Répression égale pour ces auteurs oppression et toute réforme pénitentiaire est par exemple analysée comme un
procédé hypocrite destiné à perpétuer la mainmise sur l’individu désarmé. L’Italien Versele (Aspects juridiques
de la perception de la déviance de la criminalité, rapport à la 9e conférence des directeurs de recherches
criminologiques, Conseil de l’Europe, 1972) et le Néerlandais Hulsman figurent parmi les principaux
représentants de ce courant contestataire. Ce dernier auteur a même vu dans le crime une « situation problème »
dont la solution doit être recherchée en dehors des voies pénales : modification de l’environnement,
renouvellement des mentalités et en cas d’échec, procédures de conciliation-règlement des conflits sur le mode
civil (Peines perdues. Le système pénal en question, par Hulsman et Bernat de Célis, 1982).

Une autre tendance, qualifiée de néo-pragmatisme (v. ainsi Gassin, Confrontation du système français de la
sanction pénale avec les données de la criminologie et des sciences de l’homme, in Travaux du Colloque de
science criminelle de Toulouse, 1969, 117 s.), reprend la doctrine de l’École pragmatique représentée au début du
siècle par l’Espagnol Saldana et suggère que cessent les querelles doctrinales et que l’on s’attache exclusivement
aux données de l’expérience.

Mais l’école la plus importante en France est présentement le néo-classicisme contemporain qualifié parfois de
néo-classicisme nouveau. Ce mouvement, annoncé il y a déjà longtemps par Saleilles (De l’individualisation de
la peine, 1898), a pour principaux représentants Georges Levasseur et Roger Merle (La confrontation doctrinale
du droit pénal classique et de la défense sociale, R.S.C. 1964, 725) et à l’étranger l’École d’Utrecht. S’opposant à
la défense sociale nouvelle ces divers auteurs insistent sur les idées de blâme, de responsabilité morale et de
rétribution. Mais ils souhaitent aussi conserver certains aspects de la défense sociale et ils estiment primordiale
une connaissance approfondie de la personnalité des criminels. En outre les néo-classiques contemporains
refusent tout lien entre le quantum de la peine et la responsabilité morale, puisque cette règle capitale pour leurs
devanciers revient à reléguer au second plan la prise en considération de la personnalité de l’intéressé.

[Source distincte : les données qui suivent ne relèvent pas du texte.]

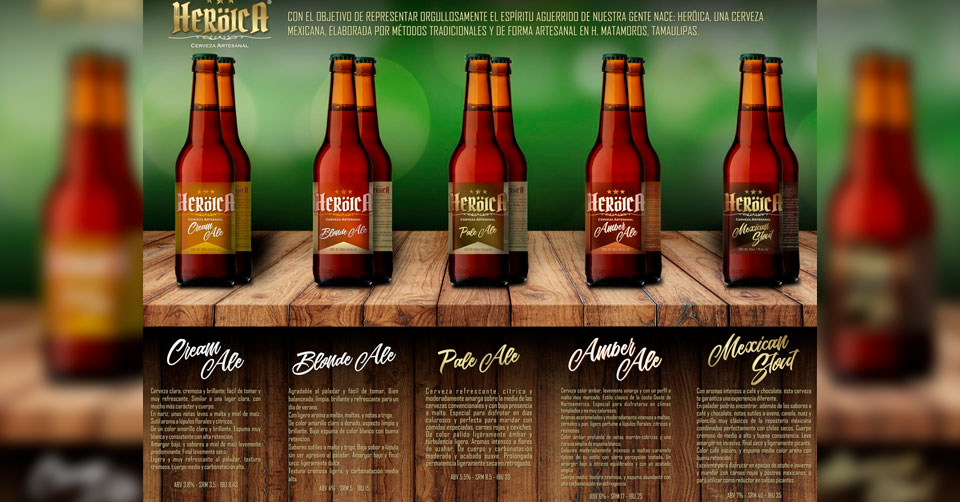 La cerveza artesanal Heröica inició su historia en Matamoros en el año 2013 caracterizándose por su exquisito sabor con el que logró la Medalla de Plata en competencia internacional Aro Rojo 2018 con la variedad Heröica Mexican Stout, con aroma intenso de café, canela, piloncillo y chocolate con la que garantiza una experiencia muy mexicana.
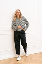 Модель свободного кроя, на притачном поясе. Пояс частично собран на резину. Спереди по талии защипы.
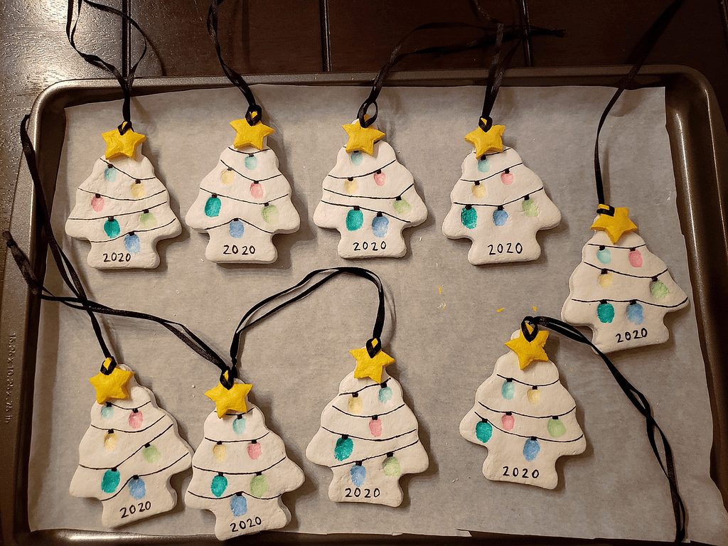 Salt Dough Fingerprint Tree- These trees are such an adorable keepsake. One year, I did a version of this ornament. I cut out the trees with a cookie cutter ahead of time. Then, I pulled students back to place their fingerprints on the tree and then took them home to bake.
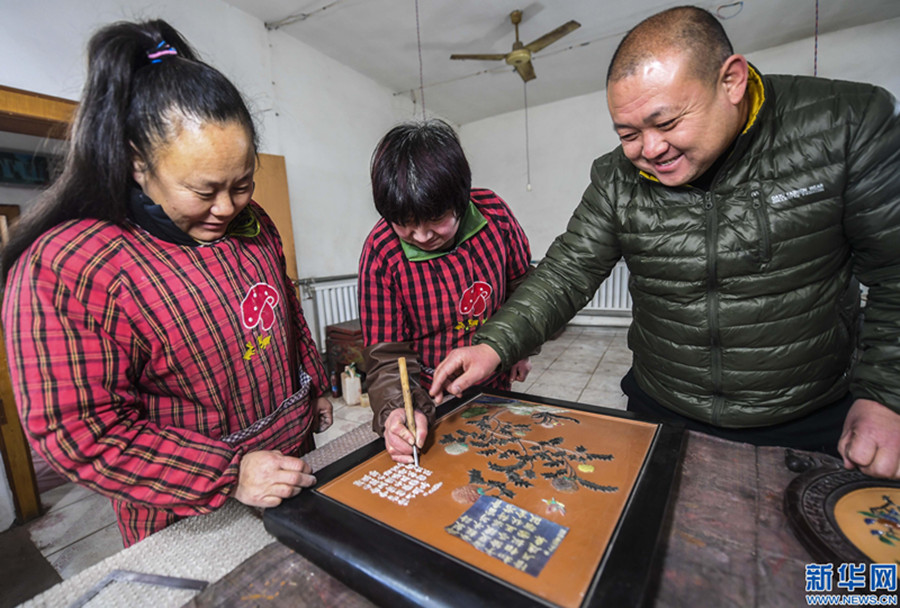 1月16日,河北省廊坊市廣陽區(qū)九州鎮(zhèn)南漢村手藝人(右)向幫扶對象講解鑲嵌技巧。河北省廊坊市廣陽區(qū)增強(qiáng)精準(zhǔn)扶貧的幫扶能力,通過與百姓結(jié)對子,為百姓找路子,幫助群眾脫貧致富。黨員干部、致富能手與貧困戶結(jié)對子,扶貧隊(duì)伍通過一對一入戶的形式,詳細(xì)了解幫扶農(nóng)戶的家庭現(xiàn)狀、收入來源等基本情況,根據(jù)幫扶農(nóng)戶的實(shí)際情況制定“一戶一策”,向幫扶農(nóng)戶提供脫貧致富的方法,在項(xiàng)目、資金、技術(shù)等方面提供全方位跟蹤服務(wù)。新華社記者 李曉果 攝 -
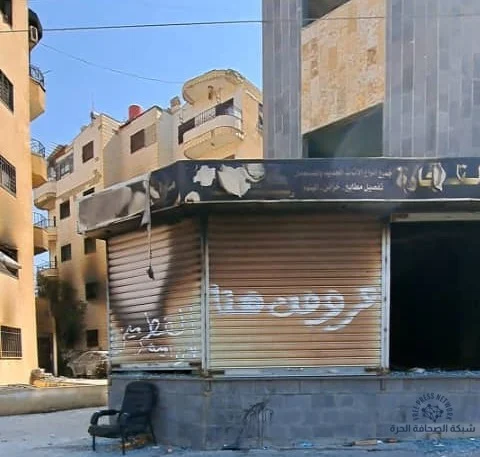 كان الطريق من دوار العمران حتى قرية نجران يشهد انتشاراً كثيفاً لقوات الأمن العام، مع دخول قوات جديدة من مدخل السويداء، كانت الأبنية محروقة وببعضها مدمر والمحال فارغة، كان هناك بعض المنازل التي ما زالت على حالها، وكانوا يتخذونها مواقع لهم، يجلسون، يأكلون ويشربون بداخلها.
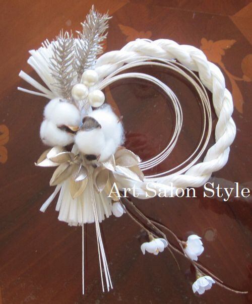 白のしめ縄にコットンの実や梅等でアレンジをして、新年を祝うお正月飾りを作りしました。
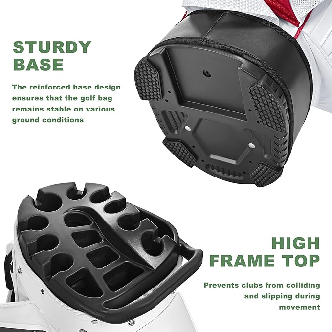 - 14-Way Full-Length Dividers + Putter Well:This golf cart bag features 14 separate compartments with a dedicated putter slot for full protection against impact damage. The putter hole cannot be used when clubs are full, and is suitable for up to 14 clubs at a time
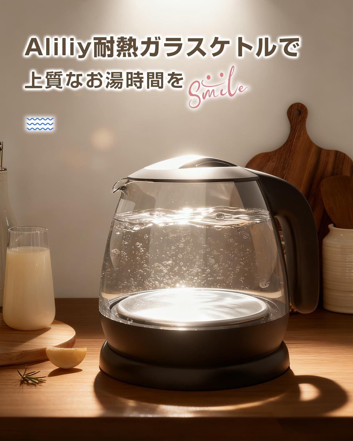【お湯の状態が一目でわかる・清潔面も安心!】Aliliyの透明ガラス電気ケトルは、その美しいデザインと透明なガラスが魅力的。お湯の沸き具合や量がひと目でわかり、沸騰していく様子を見るのも楽しい!ガラス製なので、匂いや不快な成分が移る心配もなく、いつでも安心して使用できます。さらに、広口設計でお湯を注ぎやすく、内部が見えるので水垢や汚れもすぐに確認でき、掃除も簡単。毎日のコーヒー作りが、もっと楽しく、快適になりました
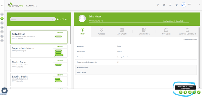 - Backendnutzer: Kontakte, die Administrationsrechte im simplyOrg Backend haben
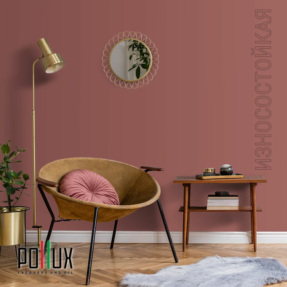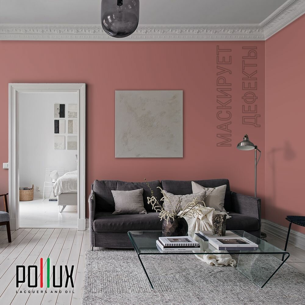 Краска моющаяся интерьерная для стен и потолков, Pollux INTERIOR без запаха, быстросохнущая, акриловая, матовое покрытие, цвет NCS S 3010-Y90R, 1л.
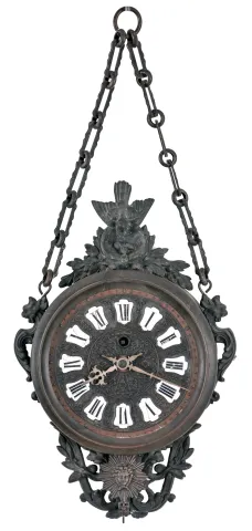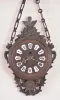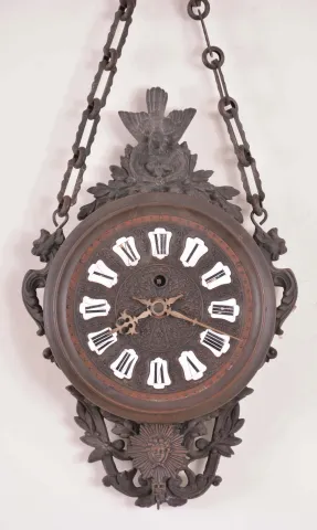 Clocks- 2 (Two), the first probably Germany, hanging softwood case, Roman numeral white painted dial with bird above the chapter ring, and with blue and red fan corners, 30 hour weight driven timepiece movement with brass weight, the next a New Haven "Chatelaine", brass case with cast ornament, brass dial with Roman numeral, white enamel cartouches,30 hour timepiece movement with Medusa pendulum, together with a Dungan and Klump "Dickory Dickory Dock" case only German clock with losses, movement complete, dial dirty, will tick, New Haven case with heavy tarnish, bottom ornament with crack, ticking, Dungan & Klump with damage to case

Depuis la recrudescence de la délinquance une tendance plus dure s’est manifestée au sein du néo-classicisme
contemporain avec des auteurs comme Jean-Claude Soyer (Justice en perdition, 1982), Michèle-Laure Rassat
(Pour une politique anticriminelle de bon sens, 1983) et l’ancien Garde des Sceaux Alain Peyrefitte (Les
chevaux du lac Ladoga, 1981). Cette branche renoue avec l’ancienne idée d’expiation. La réinsertion, du moins
pour les délinquants professionnels, doit céder le pas devant le châtiment : la prison a pour fonction de neutraliser
les individus dangereux pour le corps social et aussi de les intimider.